Take for instance the hydroelectric dam in Folsom, Cal. that utilizes large, bearing-operated spill gates to maintain its reservoir. On July 17, 1995, the hydroelectric plant was temporarily shut down so the flow of the nearby American River could be maintained using a spill gate on the dam. As the gate was being opened, the axis point seized due to excessive friction, causing the load to be redistributed and the entire spill gate to buckle under the stress. As a result of this failure, nearly 40% of Folsom Lake was released towards San Francisco Bay, even causing some salmon and striped bass to incorrectly change their migration patterns.

An investigation later revealed a number of ways that the dam’s engineers had ignored their responsibility to properly lubricate the bearings prior to the failure. First, the maintenance staff had considered implementing a new lubrication system five years before the failure but later decided against it. Had they put this new system in place, the spill gate failure most likely would not have occurred.

Records also uncovered after the incident showed that the regular maintenance and lubrication schedule was steadily decreased throughout the life of the dam due to budget limitations, causing the bearings to slowly fall out of repair. Finally, the plant maintenance team did not use the correct lubricant in the first place, choosing to use a lubricant that was insufficiently water-resistant and that allowed water to enter the bearings and cause corrosion which eventually led to the spill gate failure.

Several conclusions about dam maintenance in general can be drawn from this example, but in terms of the culture of lubrication, the message is clear. The engineers responsible for the operation of this dam did not consider lubrication to be an important part of the spill gates’ ability to function. They were complacent in implementing a regular schedule of maintenance and lubrication and were ignorant of the correct type of lubrication to use, a combination which resulted in a massive system failure.

Lack of employee appreciation

Lubrication technicians are tasked with climbing into the dark, dirty places within plants that must be accessed and lubricated in order to keep all of the systems properly functioning. Their job, essentially, is to keep the machines going using a combination of knowledge, expertise and resources provided to them by their employers.

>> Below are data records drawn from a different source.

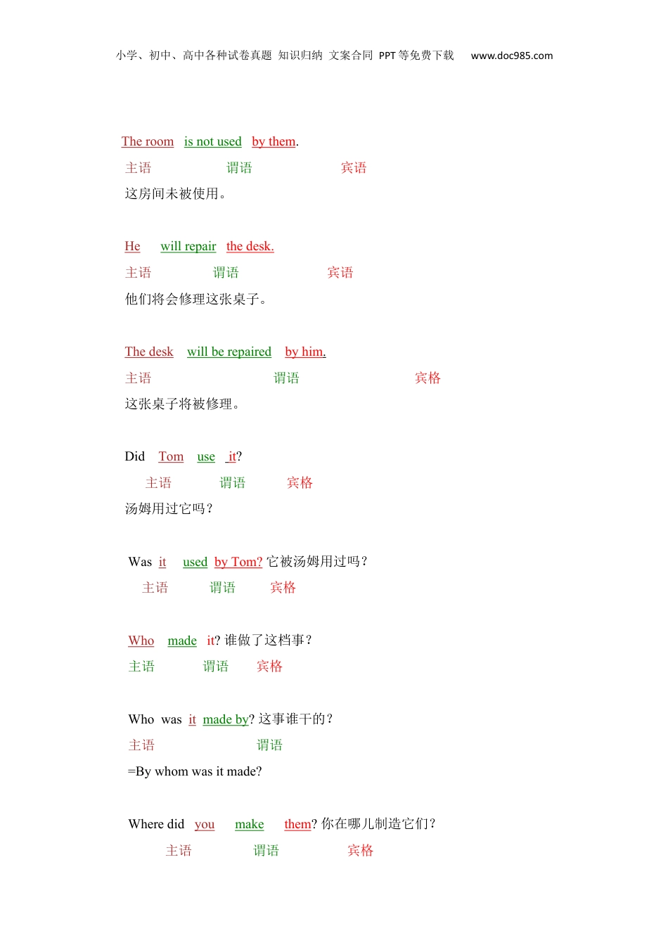 小学、初中、高中各种试卷真题知识归纳文案合同PPT等免费下载www.doc985.com2.主动语态变为被动语态把主动语态的句子变为被动语态的方法很简单:①把原句中的宾语变为主语;②动词改为被动形式,即be+过去分词;③原来的主语,如果需要的话放在by后面以指明做事的人或物。如果没必要,可以省略。1变换方法主动句:Thehunterkilledatiger.猎人打死一只老虎。主语谓语宾语被动句:Atigerwaskilledbythehunter.一只老虎被打死。宾语变主语be动词+过去分词主动语态变为被动语态的步骤如下:步骤1.以主动句的宾语为主语。步骤2.将动词改为《be+过去分词》的被动语态构成。这一步是关键,特别要注意be动词要以新的主语的人称、数来变化,同时时态不变,主动语态是什么时态,被动语态仍保持什么时态。步骤3.将主动语态的主语改为by…形式放在句尾,注意如果是代词,则由主格改为宾格。Theyvisitedthecitytwoyearsago.主语谓语宾语状语他们两年前访问该城市。Thecitywasvisitedbythemtwoyearsago.主语谓语宾格状语该城市两年前被他们访问过。Theydon'tusetheroom.主语谓语宾语他们未使用该房间。小学、初中、高中各种试卷真题知识归纳文案合同PPT等免费下载www.doc985.comTheroomisnotusedbythem.主语谓语宾语这房间未被使用。Hewillrepairthedesk.主语谓语宾语他们将会修理这张桌子。Thedeskwillberepairedbyhim.主语谓语宾格这张桌子将被修理。DidTomuseit?主语谓语宾格汤姆用过它吗?WasitusedbyTom?它被汤姆用过吗?主语谓语宾格Whomadeit?谁做了这档事?主语谓语宾格Whowasitmadeby?这事谁干的?主语谓语=Bywhomwasitmade?Wheredidyoumakethem?你在哪儿制造它们?主语谓语宾格小学、初中、高中各种试卷真题知识归纳文案合同PPT等免费下载www.doc985.comWhereweretheymade(byyou)?主语谓语宾格它们是在哪儿制造的?主动语态变为被动语态练习题一、用括号中被动语态的适当时态填空1.Thenovel______(translate)intomanylanguagessinceitwaspublished.2.Thatclock____(call)BigBen.3.Lastweek,whenI______(ask)aboutEnglishculture,Icouldn'tansweritwell.4.Whatlanguage______(speak)inyourcountry?5.Schoolfootballgames_____often___(hold)onFridayevenings.6.Thefilm_____(show)againsometimenextweek.小学、初中、高中各种试卷真题知识归纳文案合同PPT等免费下载www.doc985.com【答案】1.hasbeentranslated2.iscalled3.wasasked4.isspoken5.are,held6.willbeshown
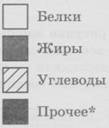 8 | На диаграмме показано содержание питательных веществ в нуге, кедровых орехах, семечках тыквы и кунжута. Определите по диаграмме, в каком продукте содержание жиров наименьшее.
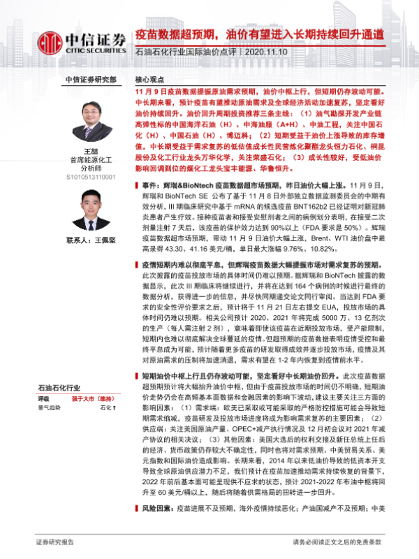 【中信证券】【20201110】石油石化行业国际油价点评:疫苗数据超预期,油价有望进入长期持续回升通道-4页
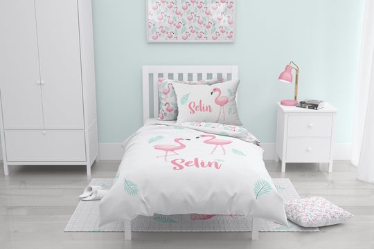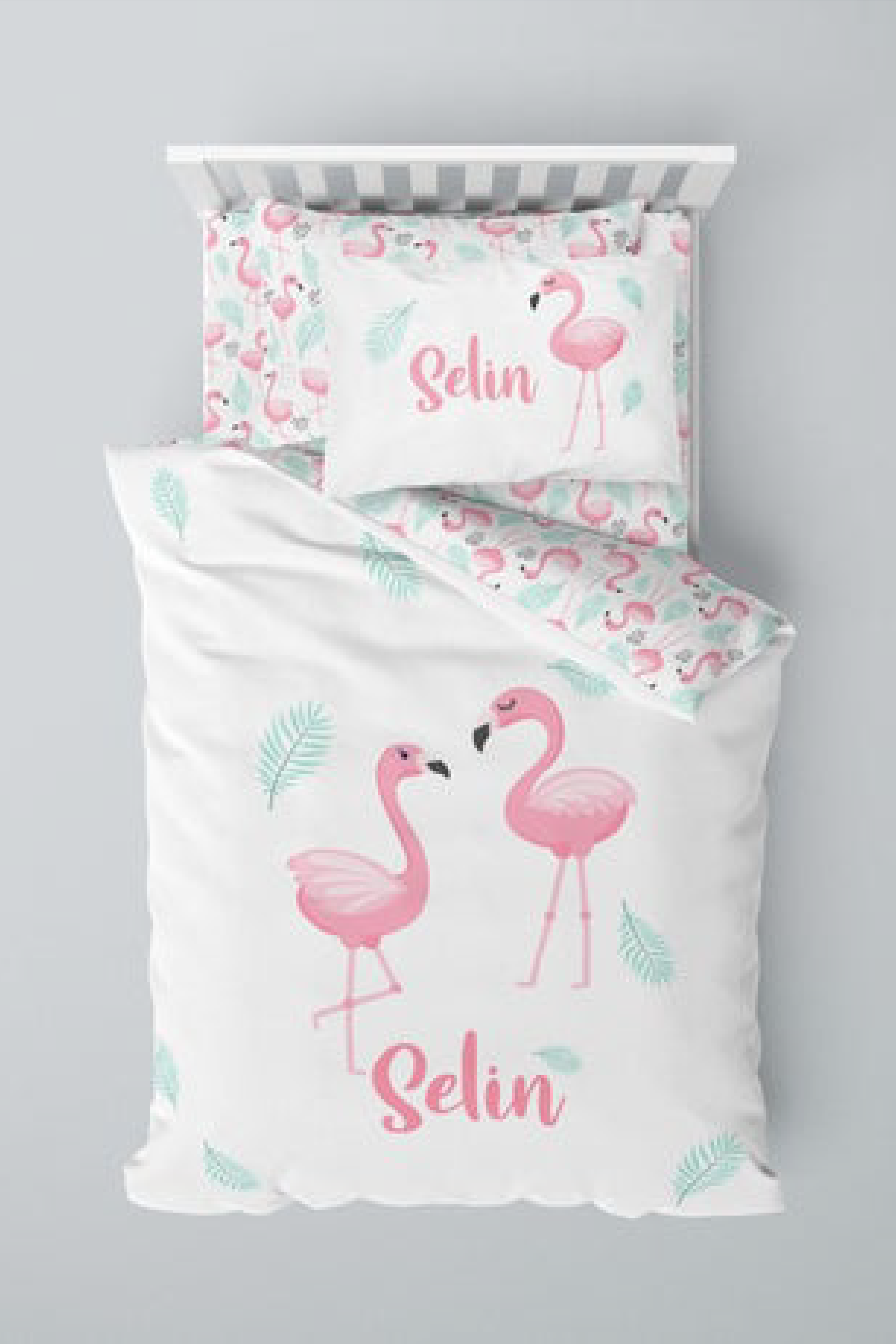 Pembe Flamingo, %100 Pamuk Bebek - Çocuk Nevresim Takımı
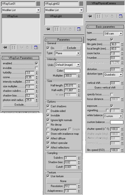 He puesto tres luces: un Vray Sun y dos vlight planas en el ventanal de la fachada y la derecha.
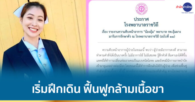 เริ่มฝึกเดินให้ “น้องอุ้ม” พยาบาลอุ้มผาง ฟื้นฟูกล้ามเนื้อขา
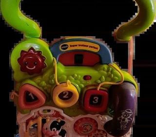 Quelques traces d'usure (vache), la porte jaune un peu difficile à ouvrir. C'est un jouet idéal pour l'apprentissage de la marche. Évolutif et complet, il propose de nombreuses
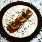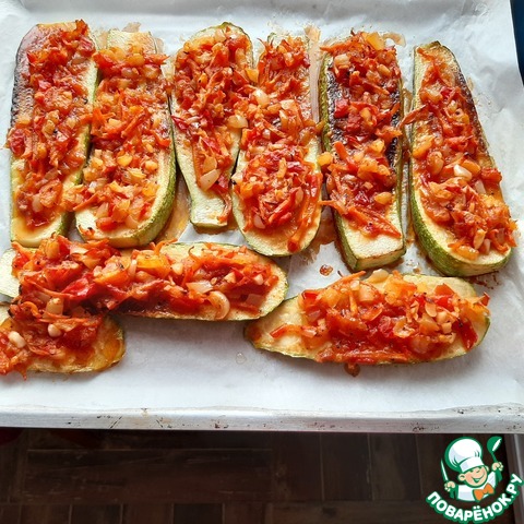 Кабачок порезать на две части. Каждую нарезать вдоль, посолить. Промакнуть и обжарить в сковороде, на растительном масле с двух сторон.

In turn, employers are tasked with respecting the opinions of the technicians when it comes to lubrication requirements and not disregarding or ignoring their recommendations.

Providing insight and advice is an important aspect of a lubrication technician’s services for a plant, as companies often have false information on lubrication applications and the technician may be the only one with the training to provide the correct solution.

The previous paragraph is a depiction of a healthy relationship between an employer and a lubrication technician—one that is unfortunately not always realistic. What lubrication professionals often experience is a lack of respect and appreciation. This lack of employee appreciation towards lubrication technicians has negatively impacted the culture of lubrication throughout the industrial world for some time.

Exclusion from budget

As an extension of their attitude of complacency, plant managers will often completely overlook lubrication requirements when planning their budgets. Despite owning multi-million dollar machines that rely on regular lubrication to function, there are companies that do not even consider this requirement in their list of necessities for plant operation. This can lead to catastrophic results including the loss of millions of dollars in equipment, time and plant output.

When considering lubrication, plant engineers need to recognize the importance of the process and place it just as high on their list of priorities as other essential system processes. The cultural perception of lubrication as dirty and unnecessary needs to change, starting with the individual, in order for plants to ultimately operate at a higher level of efficiency and productivity.

Kevin Smay serves as technical specialist, lubrication applications & systems for Valin Corporation. He has more than 25 years of experience in the lubrication system application industry.